Автор книги: Даир Славкович
Жанр:
Детская проза
сообщить о нарушении
Текущая страница: 4 (всего у книги 23 страниц)
Имущество великой Германии
Лесопильный завод со всеми прилегающими к нему постройками и подворьями делился на Рысевщину первую и Рысевщину вторую… На Рысевщине второй находился непосредственно лесозавод, усадьбы Будников, тетки Мальвины и общежитие для рабочих, которое теперь пустовало. Рысевщина первая была большим складом лесоматериалов, готовой продукции завода. Здесь высились штабеля железнодорожных шпал, горы чурок для газогенераторных автомобилей – «газонов», хранились огромные запасы обрезного строительного леса и досок.
В первые месяцы оккупации немцам было не до этого хозяйства, затерянного в лесной глухомани. К концу зимы фашисты, однако, спохватились и решили богатство Рысевщины прибрать к рукам.
Зимним погожим днем приехала специальная комиссия во главе с комендантом. На заводе она не задержалась: пустить его в ближайшее время оккупанты, судя по всему, не собирались. Зато склад лесоматериалов, Рысевщину первую, немцы осматривали долго и внимательно, о чем-то громко переговариваясь. После их отъезда у входа на склады остался висеть большой железный щит с надписью, сделанной белой масляной краской: «Имущество Великой Германии. Не трогать! За хищение – расстрел!»
Вскоре дорога на Рысевщину, которая вела к шоссе Минск – Слуцк, стала оживленной: оккупанты вывозили пилолесоматериалы, «зеленое золото» белорусских лесов.

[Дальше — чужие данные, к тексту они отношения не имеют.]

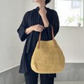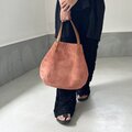 当店大人気の牛床ベロア丸型トートに、肩掛けができるMサイズが登場しました!
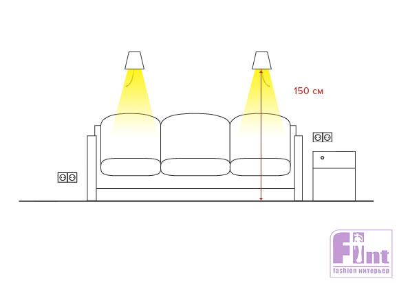 5. Бра в диванной зоне детской комнаты располагайте на высоте 150 см от пола. Так вы получите мягкий рассеянный свет.
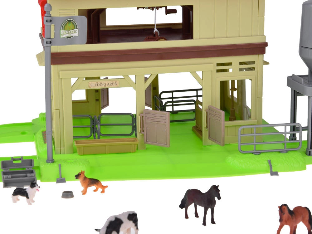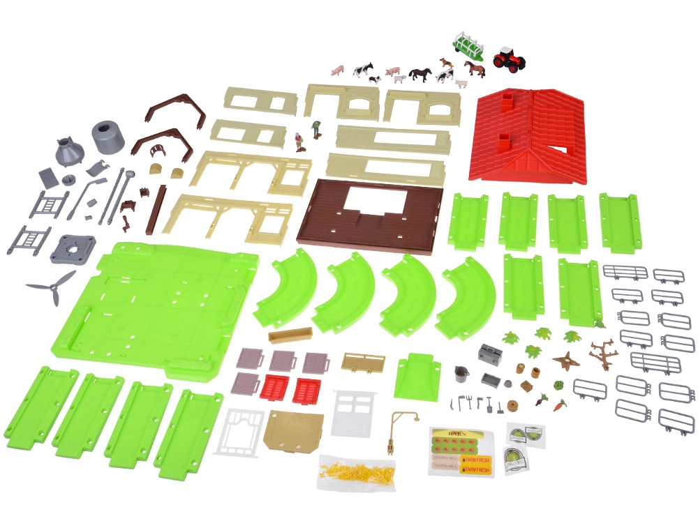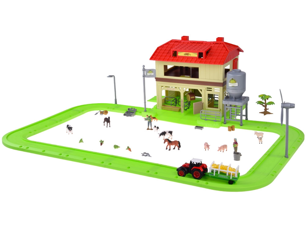 Deze complete set tovert de kinderkamer om tot een klein platteland. Kinderen kunnen dieren voeren, hooi vervoeren met de tractor met aanhanger, het schuurdak openen voor gemakkelijke toegang en de silo gebruiken om voer in en uit te laten stromen. De groene baan/circuit verbindt alle onderdelen van de boerderij tot één speelse scène.
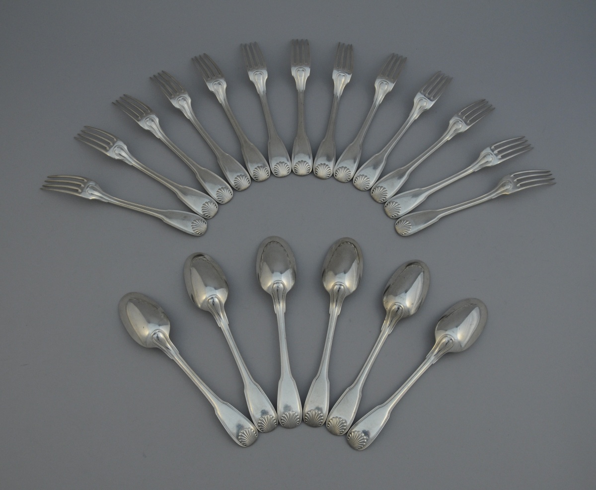 6 COUVERTS et 6 FOURCHETTES en argent. Modèle filet coquille.
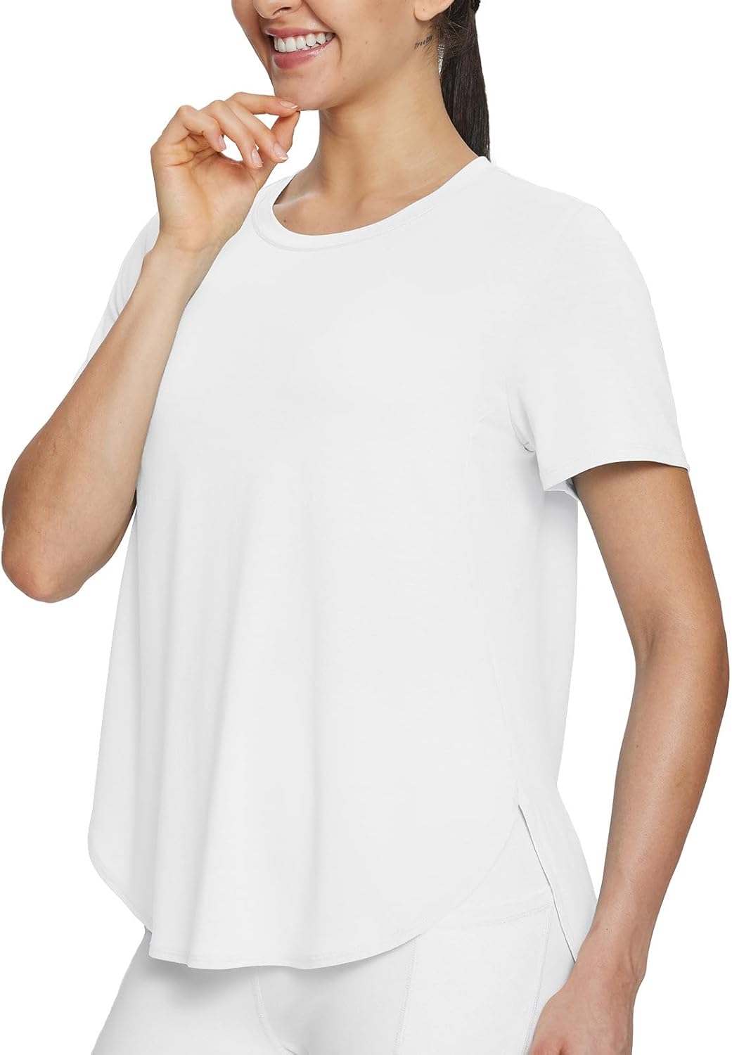 - Loose fit & High-Low Hem: The loose design makes you move freely without sticky and restraint. This workout short sleeves have a longer back hem for more coverage. It’s hip length. It enables one to wear it comfortably even if they have larger hips.
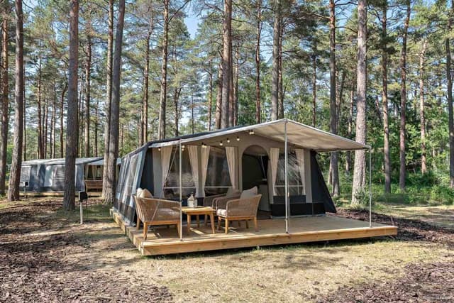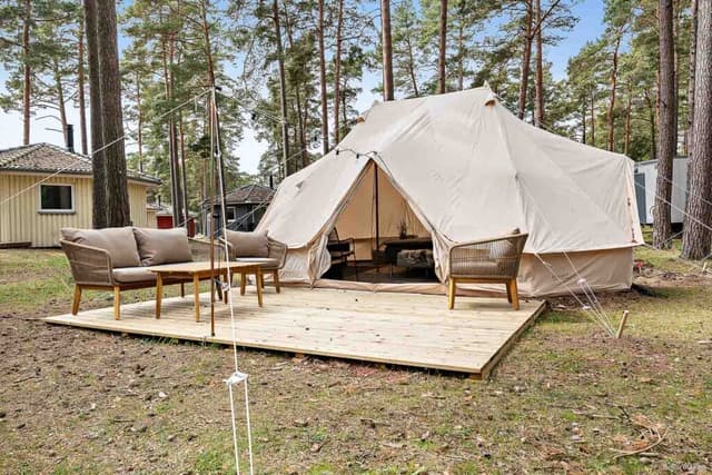 Mit Glamping genießen Sie das Beste aus zwei Welten. Das Wohnen in einem Glampingzelt verbindet ideal den Reiz des Übernachtens im Zelt mit den Annehmlichkeiten einer Hütte. Ein außergewöhnliches Zelterlebnis mit bequemen Betten und Ihrer ganz privaten Terrasse. Wenn Sie in den Glampingzelten in Åhus – Kristianstad übernachten, sind Sie mitten in der Natur, in traumhafter Lage in der Nähe des wunderschönen weißen Sandstrandes – und das Beste daran: Die Mühe, Ihr Zelt selbst aufzustellen, können Sie sich getrost ersparen.

По утрам в строго назначенный час к складу подруливали три-четыре грузовика. В кузовах были военнопленные и эсэсовская охрана. Пленных привозили из концлагеря, который находился где-то под Минском. Одновременно из Узды прибывали полицейские. А следом шли машины за шпалами, строительным лесом.

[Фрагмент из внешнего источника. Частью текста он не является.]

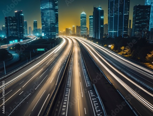 © Fathor, Fototapeta premium bustling highway in a modern city at night, streaks of car lights creating a dynamic flow, illuminated skyscrapers in the background,
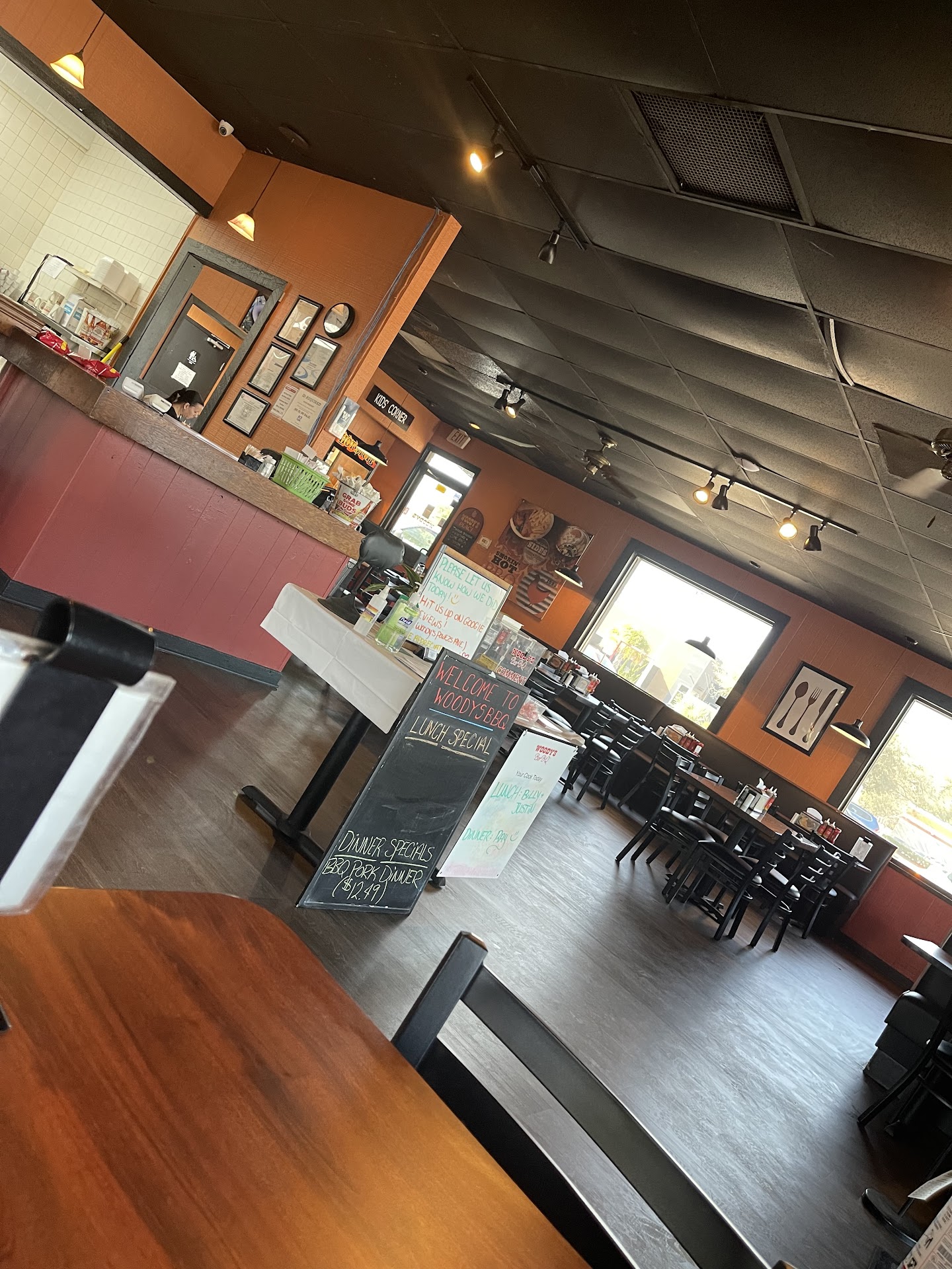We visited Woodys for the first time today. It was very random. I wanted baby back ribs but they didn't have any. 15 minutes later I heard the cashier take an order on the phone where she repeated the baby back rib special aloud. I didn't say anything. I had ordered the spare ribs lunch which was about $13. I received 3 fatty spare ribs. The fries were tasteless and super old and the waitress could see that just as I could as some were brown but had the nerve to tell me they make them fresh. It's just crazy we had to have several sentences exchanged when you can look and see they were DEAD! They replaced with golden brown and hot fries, still were not good but she said they had gotten the wrong ones in. The ribs were too fatty to enjoy and most places clean them up before cooking and serving. The beans were just ok. We didn't really like any of the sauces but settled for the sweet. My husband had the all you can ear chicken. The first plate was dry but subsequent plate was better. His okra was the best thing we had, but in asking the upcharge I asked what the amount was , was it $1 just guessing and she said yes. He got two orders and we were charged $1.99 for the upcharge each. I asked her about that and she just said yes that's right. I was just like ok.... We found flavor lacking in all the food other than okra. Not sure if they are catering towards a certain crowd but I hate having to put salt on all of my food... chicken, tasteless fries, beans etc. Not sure if I'll make it to try the baby backs or not worried they don't trim and clean the meats like I'm used to, I've never seen that before, but if I do I'll stick to that and the okra. The service was really good though other than the price error. When we walked in the lady in drive-thru greeted us warmly and it didn't take long for the server to arrive. I want to do 3 stars for this but the food was just...

Целыми днями на Рысевщине первой слышались немецкие команды, стук бревен, лай собак и рев моторов. Стихало все это к вечеру, когда после отправки последней партии древесины эсэсовцы загоняли пленных в грузовики и увозили их на ночь в лагерь. За ними следовал ЗИС – «газон» с полицейскими. До Узды приходилось ехать лесом, и всю дорогу полицаи палили из ружей и автоматов – отпугивали партизан.
Проходила ночь, а утром все повторялось, четко, с немецкой пунктуальностью.

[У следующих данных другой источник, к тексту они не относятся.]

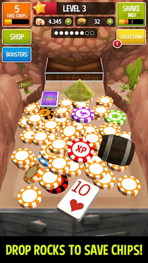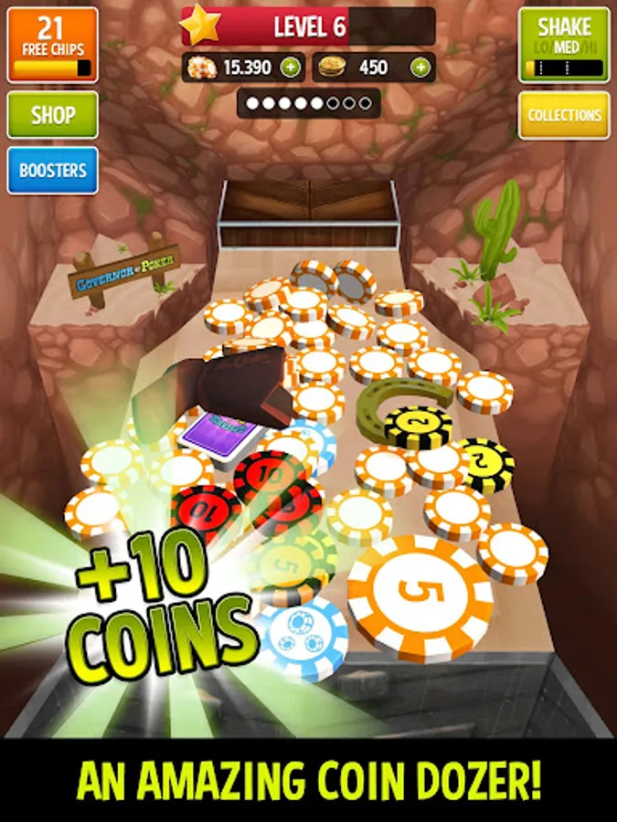 Did you ever play this favorite arcade game at a carnival, state fair or casino? This exciting coin dozer app is filled with big chip prizes and coin specials. Drop the chips in the right place and earn more chips and prizes like card decks, dices and tons.
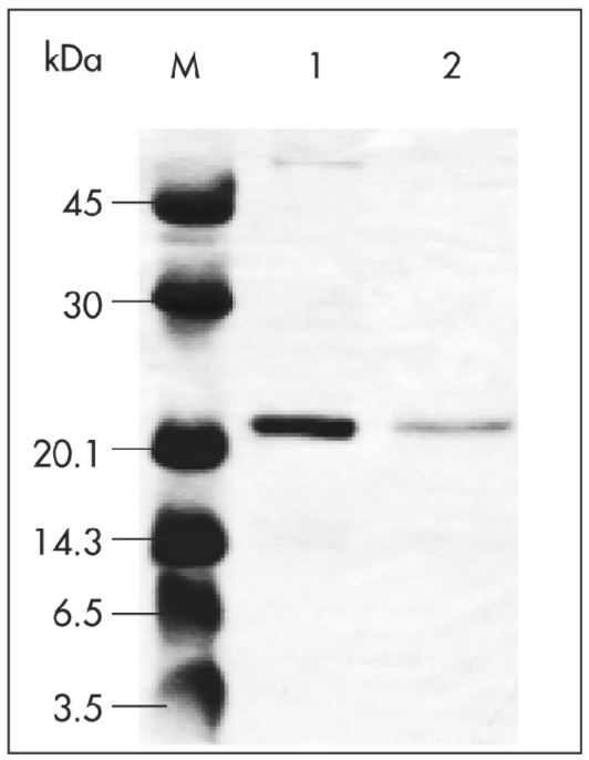 Coding sequences of virus-like particles (VLPs, 4.8 MDa) were cloned into pASK-IBA7 to obtain proteins localized to the cytoplasm and N-terminally tagged with Strep-tag®II. The plasmid was transformed into E. coli and the cell culture (1 l) was induced at OD600 of 0.6 by addition of anhydrotetracycline (AHT). Protein expression was performed at 37 °C for 3 h at 200 rpm. Afterwards, cells were harvested, resuspended with 20 ml 1x Buffer W (100 mM Tris-Cl, 150 mM NaCl, 1 mM EDTA), and sonicated. The insoluble material was pelleted, and the lysate was applied to a Strep-Tactin® Superflow® cartridge (1 ml/min flow rate). After washing, the target protein was eluted with 2.5 mM desthiobiotin. Purification results were analyzed by SDS-PAGE. Marker (M) and two different elution fractions of VLPs fused to Strep-tag®II (lane 1 and 2) are shown.
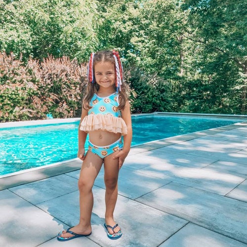 Blue Smiley Face Bikini Swim Suit Baby Bikini Toddlers Swim Etsy Finland

Николай Романович терялся в догадках: почему партизаны позволяют оккупантам спокойно хозяйничать на Рысевщине? Кузнец все ждал вестей из отряда и, не дождавшись, отправил Костю в Алеховку. Мальчик должен был отвезти надежному человеку два окованных железом колеса и попросить срочно передать их Павлу Воложину, в лесничевку возле Даниловичей.
Спустя сутки ночью у Будников появился в сопровождении двух бойцов сам Романов.
Они обнялись с Николаем Романовичем как родные. Кузнец начал разговор без предисловия:
– Склад пора уничтожать!
– За тем и пришли, – ответил Романов. – Конечно, надо бы и фашистам перца подсыпать, да больно велика охрана. Начинать с ней бой среди бела дня пока нам не по силам. А вот полицейских прикончить, пожалуй, можно. Начнем со склада. Им мы займемся послезавтра вечером.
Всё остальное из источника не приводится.